The devastating facts on diabetes are about as awful as they come. Diabetes is a chronic disease that often leads to blindness, nerve damage, kidney failure and even death. It plagues our state and causes more deaths each year in the United States than breast cancer and AIDS combined.

By the time we reach age 65, statistics from the Centers for Disease Control and Prevention statistics indicate half of us will have diabetes or pre-diabetes. And yet, all too often, we overlook the most important fact — overwhelmingly, the vast majority of cases are entirely preventable.

Many Americans believe that diabetes is strictly genetic, and we have little control over whether the condition will develop. This is likely true for genetically influenced Type I diabetes in which a faulty immune system affects insulin production. Insulin is critical in regulating blood glucose levels. While the exact cause that triggers Type I diabetes is unclear, we do know that Type I diabetes accounts for only 5 percent of diabetes cases in the United States. Enter Type II.

An astonishing 95 percent of all diabetes cases are Type II. Millions of Americans are living with this chronic disease, and the most important causative factors are poor diet and a lack of physical activity. If you think this is familiar to another issue we in Georgia struggle with, you’re absolutely right. Obesity is a major physical indicator that someone might have pre-diabetes or diabetes. We must focus on our future.

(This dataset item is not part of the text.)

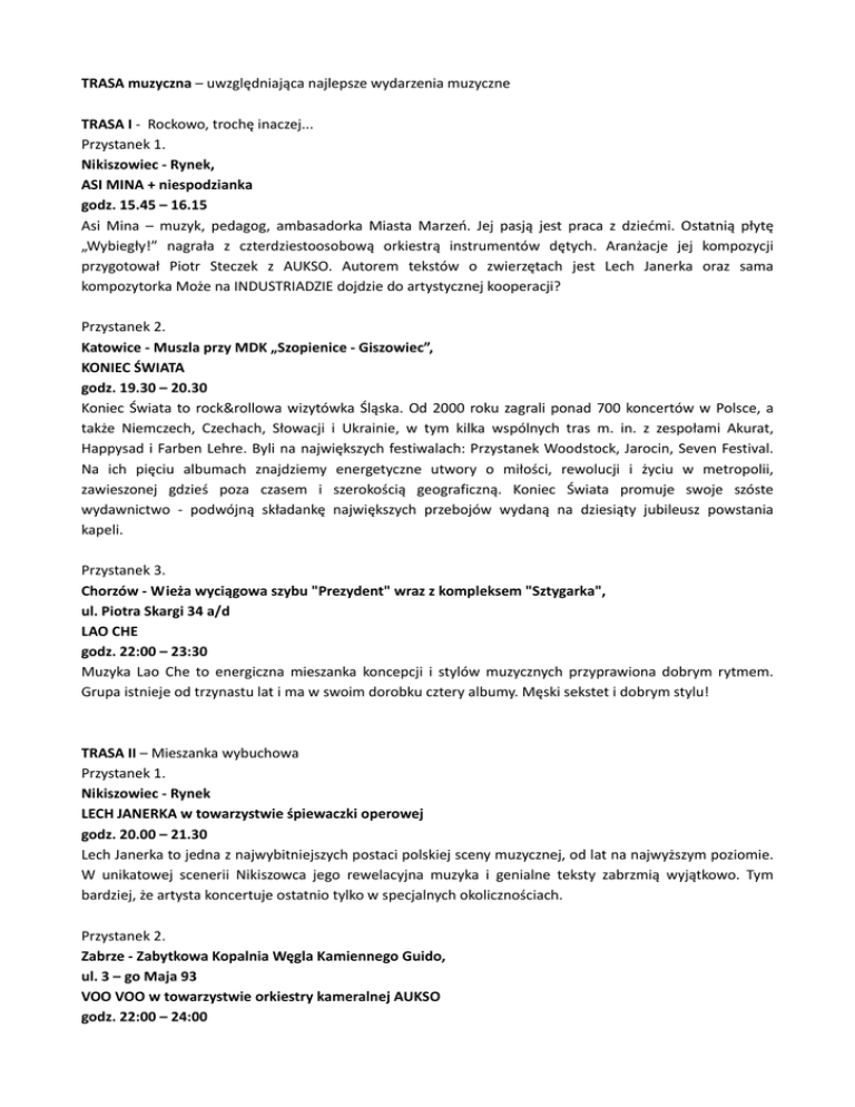 TRASA muzyczna – uwzględniająca najlepsze wydarzenia muzyczne TRASA I ‐ Rockowo, trochę inaczej... Przystanek 1. Nikiszowiec ‐ Rynek, ASI MINA + niespodzianka godz. 15.45 – 16.15 Asi Mina – muzyk, pedagog, ambasadorka Miasta Marzeń. Jej pasją jest praca z dziećmi. Ostatnią płytę „Wybiegły!” nagrała z czterdziestoosobową orkiestrą instrumentów dętych. Aranżacje jej kompozycji przygotował Piotr Steczek z AUKSO. Autorem tekstów o zwierzętach jest Lech Janerka oraz sama kompozytorka Może na INDUSTRIADZIE dojdzie do artystycznej kooperacji? Przystanek 2. Katowice ‐ Muszla przy MDK „Szopienice ‐ Giszowiec”, KONIEC ŚWIATA godz. 19.30 – 20.30 Koniec Świata to rock&rollowa wizytówka Śląska. Od 2000 roku zagrali ponad 700 koncertów w Polsce, a także Niemczech, Czechach, Słowacji i Ukrainie, w tym kilka wspólnych tras m. in. z zespołami Akurat, Happysad i Farben Lehre. Byli na największych festiwalach: Przystanek Woodstock, Jarocin, Seven Festival. Na ich pięciu albumach znajdziemy energetyczne utwory o miłości, rewolucji i życiu w metropolii, zawieszonej gdzieś poza czasem i szerokością geograficzną. Koniec Świata promuje swoje szóste wydawnictwo ‐ podwójną składankę największych przebojów wydaną na dziesiąty jubileusz powstania kapeli. Przystanek 3. Chorzów ‐ Wieża wyciągowa szybu "Prezydent" wraz z kompleksem "Sztygarka", ul. Piotra Skargi 34 a/d LAO CHE godz. 22:00 – 23:30 Muzyka Lao Che to energiczna mieszanka koncepcji i stylów muzycznych przyprawiona dobrym rytmem. Grupa istnieje od trzynastu lat i ma w swoim dorobku cztery albumy. Męski sekstet i dobrym stylu! TRASA II – Mieszanka wybuchowa Przystanek 1. Nikiszowiec ‐ Rynek LECH JANERKA w towarzystwie śpiewaczki operowej godz. 20.00 – 21.30 Lech Janerka to jedna z najwybitniejszych postaci polskiej sceny muzycznej, od lat na najwyższym poziomie. W unikatowej scenerii Nikiszowca jego rewelacyjna muzyka i genialne teksty zabrzmią wyjątkowo. Tym bardziej, że artysta koncertuje ostatnio tylko w specjalnych okolicznościach. Przystanek 2. Zabrze ‐ Zabytkowa Kopalnia Węgla Kamiennego Guido, ul. 3 – go Maja 93 VOO VOO w towarzystwie orkiestry kameralnej AUKSO godz. 22:00 – 24:00 Ani VOO VOO ani AUKSO przedstawiać nie trzeba. Ambitne granie to znak rozpoznawczy obydwu grup, w Zabrzu przedstawią utwory z płyty „21” nagranej wspólnie pod dyrekcją Marka Mosia. Przystanek 3. Chorzów ‐ Wieża wyciągowa szybu "Prezydent" wraz z kompleksem "Sztygarka” ŁONA & WEBBER ul. Piotra Skargi 34 a/d godz. 00:00 – 01:30 „Łona i Webber czyli niesztampowy raper i klasyczny producent.” – tak mówią sami o sobie. I coś w tym musi być, bowiem ten szczeciński duet od ponad dekady intryguje, ciekawi i bawi hip‐hopową publiczność. Jeśli chcesz posłuchać ambitnych tekstów i świetnych rytmów – wybierz się koniecznie! UWAGA! Liczba osób ograniczona – maksymalnie 300. TRASA III – Elektronika Przystanek 1. Chorzów – Wieża wyciągowa szybu "Prezydent" wraz z kompleksem "Sztygarka, ul. Piotra Skargi 34 a/d CLAPHAM SOUND godz. 19:30 – 20:15 Dynamiczne elektro w bajkowej atmosferze – tak w skrócie określić można styl muzyczny śląskiej grupy Clapham South. Dobra zabawa i dużo energii gwarantowane! Przystanek 3. Tychy ‐ Pub Tyskiego Browarium, ul. Mikołowska 5 GABA KULKA Godz. 21.00 Elektryzujący koncert jednej z najciekawszych polskich wokalistek, zdobywczyni Paszportu Polityki. UWAGA! Impreza biletowana. Cena biletu: 35 zł. Liczba miejsc ograniczona.

With one in five of our precious children classified as obese — earning Georgia the second highest childhood obesity rate in the U.S. — we must focus first on combating childhood obesity. We’re starting with SHAPE — the Student Health and Physical Education Act — which requires all students enrolled in physical education classes to participate in a fitness assessment with individual results privately sent to parents and guardians.

When combined with other sources of information, including hospital data and community characteristics, SHAPE will help provide our state with unprecedented information to ensure that the most effective interventions and policy changes are proposed and implemented in Georgia.

That is the true importance of our work with childhood obesity. Not every overweight child has diabetes, but extra body fat makes insulin’s regulation of blood glucose more difficult and therefore increases the risk of diabetes. With a 300 percent increase in childhood obesity in the last 30 years, we have seen a marked increase of diabetes in younger and younger people.

SHAPE will serve as an excellent, accurate measurement of where we are. But insulin might tell us where we’re going.

Insulin is the key to regulating glucose in the blood. Glucose leaves the bloodstream when used as fuel for activity. Too little activity and glucose increases. Eat too much, or eat foods which digest into glucose too quickly, and glucose increases. Either scenario forces the body to create more insulin. At some point, this balancing act becomes too difficult for the body to manage and Type II diabetes is the result.

At the Georgia Department of Public Health, a new and innovative pilot program with employees will allow us to look more deeply into insulin levels as indicators of future health issues. Soon, it is my hope that every American learns and understands the simple facts about diabetes, insulin and what we might learn from insulin levels.

We in the department will look at insulin. But I encourage you to look at what you eat — and how much you move.

Dr. Brenda Fitzgerald is commissioner of the Georgia Department of Public Health.